Marking as blocker as we really shouldn't ship something that's broken for Win7. Should be able to get this fixed this week.
After some more experimentation, log.smbd shows that numopen never goes above 1025 with a Win7 client. I was able to copy a linux kernel source tree (~38,000 files) with no problems with ulimit set as low as 1036. So AFAICT, 1025 + TDB fudge factor should do it.
Are you sure about that? In my tests, I raised ulimit -n to 2048, and still had samba fail.
Here's a level 10 debug log with ulimit -n 2048:
http://eternallybored.org/misc/samba/samba.log.lzma (too big to attach)
smbstatus output at the time of failure shows 2040 files open:
Yes, I'm positive that in my test environment, it never goes above 1025. I'm running Windows 7 final, 32-bit.
I tried another test with Windows 2008 R2, copying one kernel source tree from a Samba 3.4.3 share to the Win2K8 box, and simultaneously copying another kernel source tree from the 2K8 box to the Samba share, and numopen got up to 1027, but never over that number. The copy processes succeeded with my ulimit still set to 1036.
Created attachment 5037 [details]
Proposed fix for 3.4.4.
Justin if you can test this and make sure it works I'll apply to all current branches.
I'm running Windows 7 x64 here, and I used a directory with 100 subdirs, each with 30 small files for testing, as with this setup, I can reproduce the problem every time with ulimit -n 2048. I can also reproduce the problem with GIMP's make install target directory in about 1 out of 3 tries (with ulimit -n 2048; smbstatus will always show over 1500 open files when I do this).
Well Jason could reliably reproduce it, but this was with Win32. Can you test with Win32 and the patch and see if the problem is fixed.
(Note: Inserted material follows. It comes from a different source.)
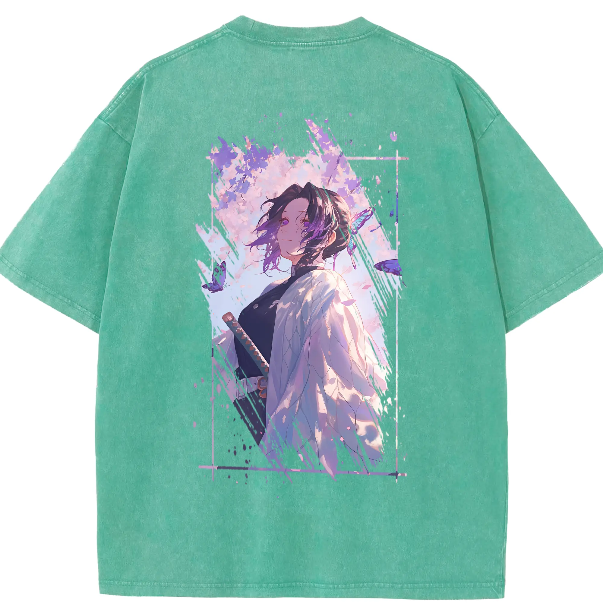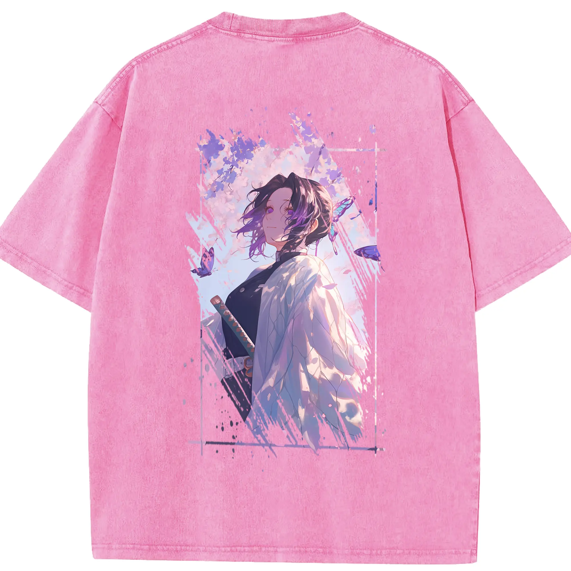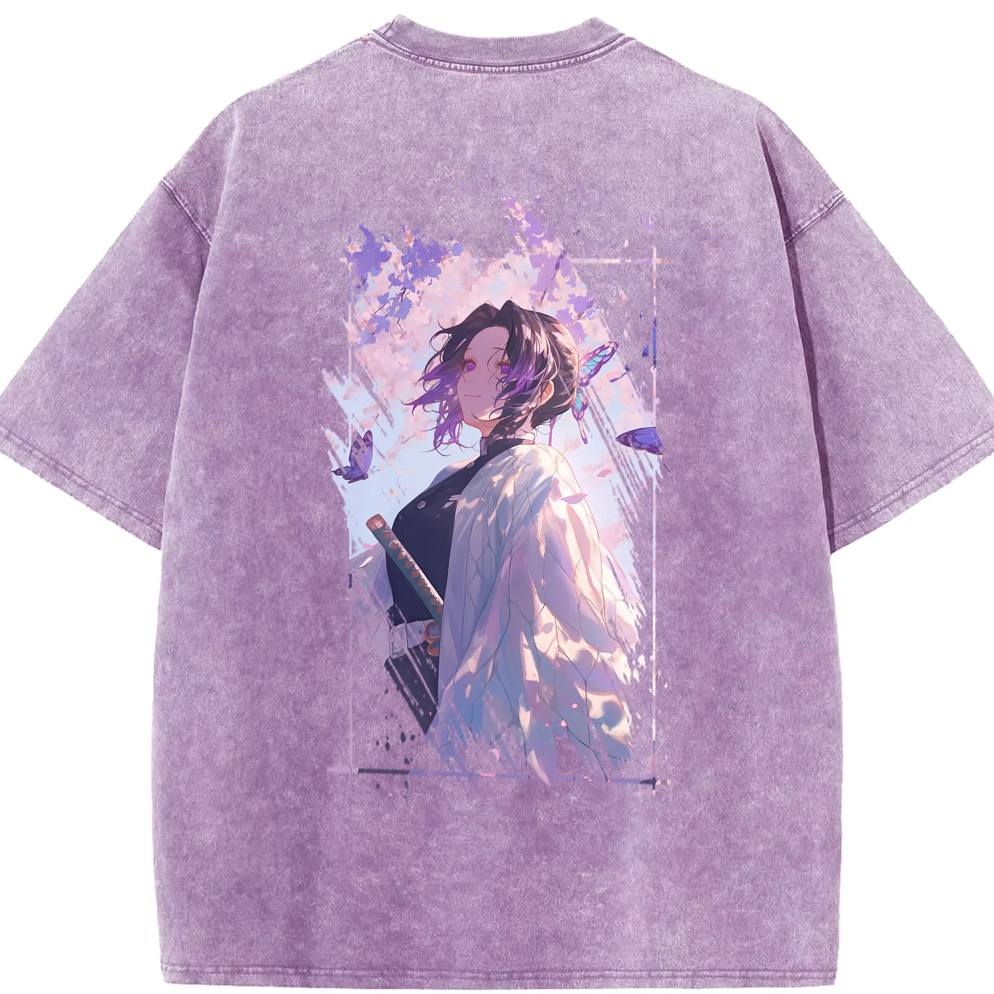鬼滅の刃 グッズ,胡蝶 しのぶ - 綿100% 半袖Tシャツ ・ バックプリント ・ 快適 通気性 ・ 日常使い 散歩 スポーツ用

If so then we'll look again at the Win64 issue.
Created attachment 5039 [details]
Modifed patch for 3.4.4
Interesting. The patch as-is isn't working for me. Looks like 1030 is too low. It looks to me like Samba 3.4 is actually setting rlim_max to the system's current rlim_max + fudge factor at startup. The current patch just changes rlim_max to 1030 if it's below that. But I was only able to get a successful copy completed with rlimit set to at least 1036. Right now, the smbd log is showing numopen == 1021 when the open starts failing, even though rlim_max is set at 1050.
This slightly modified patch works for me with both Win7 and Win2K8/R2.
Ok, I'm confused :-).
The file_init() function calls lp_max_open_files(), which returns the value from max_open_files(), which should now be MIN_OPEN_FILES_WINDOWS after the patch.
Then it calls set_maxfiles() after adding in MAX_OPEN_FUDGEFACTOR, so this should be setting rlp.rlim_max to be (MIN_OPEN_FILES_WINDOWS + MAX_OPEN_FUDGEFACTOR), which should set the hard limit to be 1050.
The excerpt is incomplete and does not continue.